In July 2025, Fox Sports 1 canceled The Facility, as part of a network shakeup that also ended Speak and Breakfast Ball. According to People, the cancellations were due to low ratings and challenges attracting a large audience.

In September 2025, Acho and longtime co-host LeSean McCoy announced the creation of a new show called "Speakeasy" on YouTube, a show that will stream after NFL games.

== Personal life ==

Acho's older brother, Sam Acho, played in the NFL from 2011 to 2019 and has been a college football analyst for ESPN since 2021.

On January 9, 2015, Eagles fan Hannah Delmonte contacted Acho via Instagram.
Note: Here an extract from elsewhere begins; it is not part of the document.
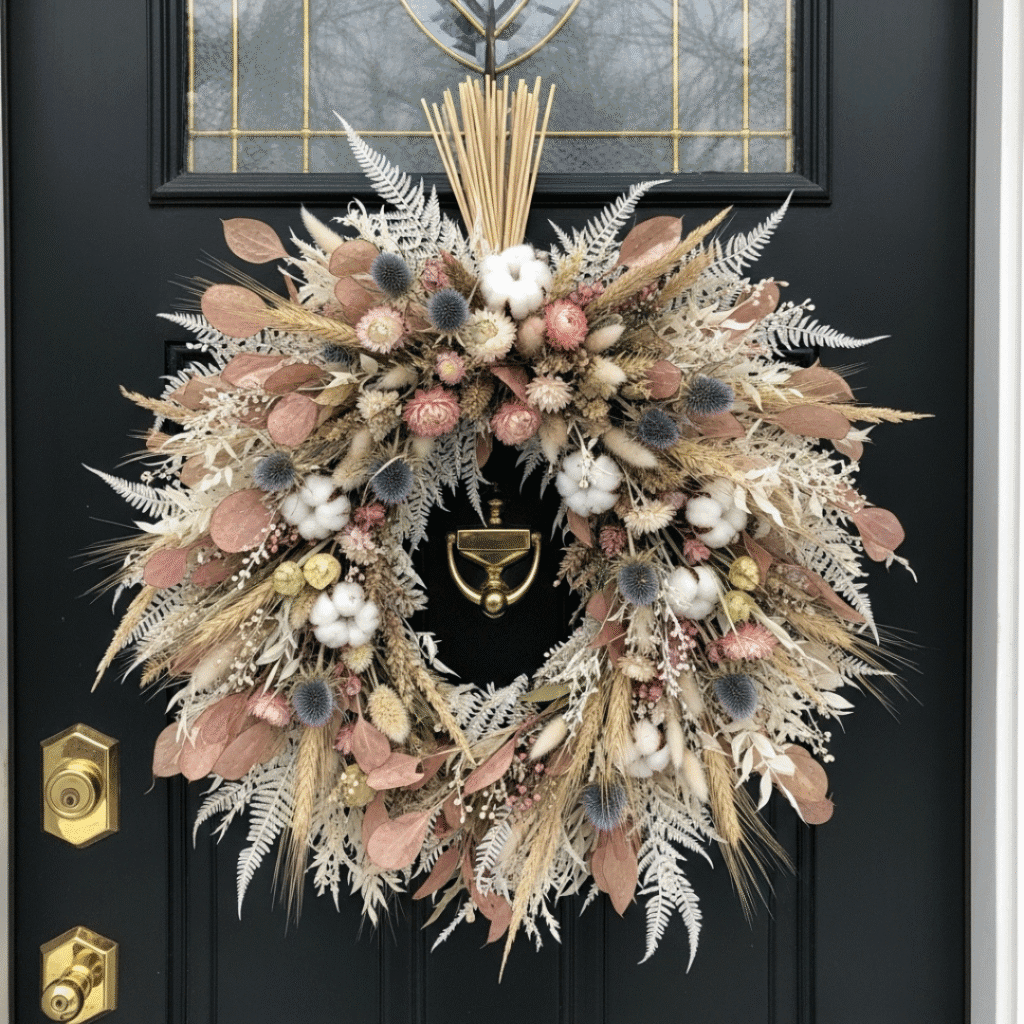 Trade evergreen for dried flowers, wheat, and cotton stems in muted tones. This 2025 trend gives your entryway a soft, boho-luxe vibe while remaining eco-friendly and timeless.

Delmonte asked Acho to escort her to her junior prom if she received 2,000 retweets on Twitter. Acho felt 2,000 retweets was too low, so he increased it to 10,000 retweets and gave Delmonte one week to meet the goal. Less than three hours later, Delmonte posted a picture showing that she'd received over 10,000 retweets, and Acho accepted the invitation. On February 20, 2015, Acho took time off from his graduate studies at the University of Texas and flew to Purcellville, VA, to personally accept Delmonte's prom invitation, nicknamed 'Promposal' by the media. On May 9, 2015, Acho escorted Delmonte to her junior prom in Purcellville, VA.

Acho identifies as a Christian. Acho has continued his family's medical missionary work, writing in a 2018 tweet: My family's annual mission trip to #Nigeria COMPLETE! We treated over 1,800 patients, performed 162 surgeries & tried to love like Jesus does."

Acho delivered the Commencement speech at the University of Texas at Austin in May 2022.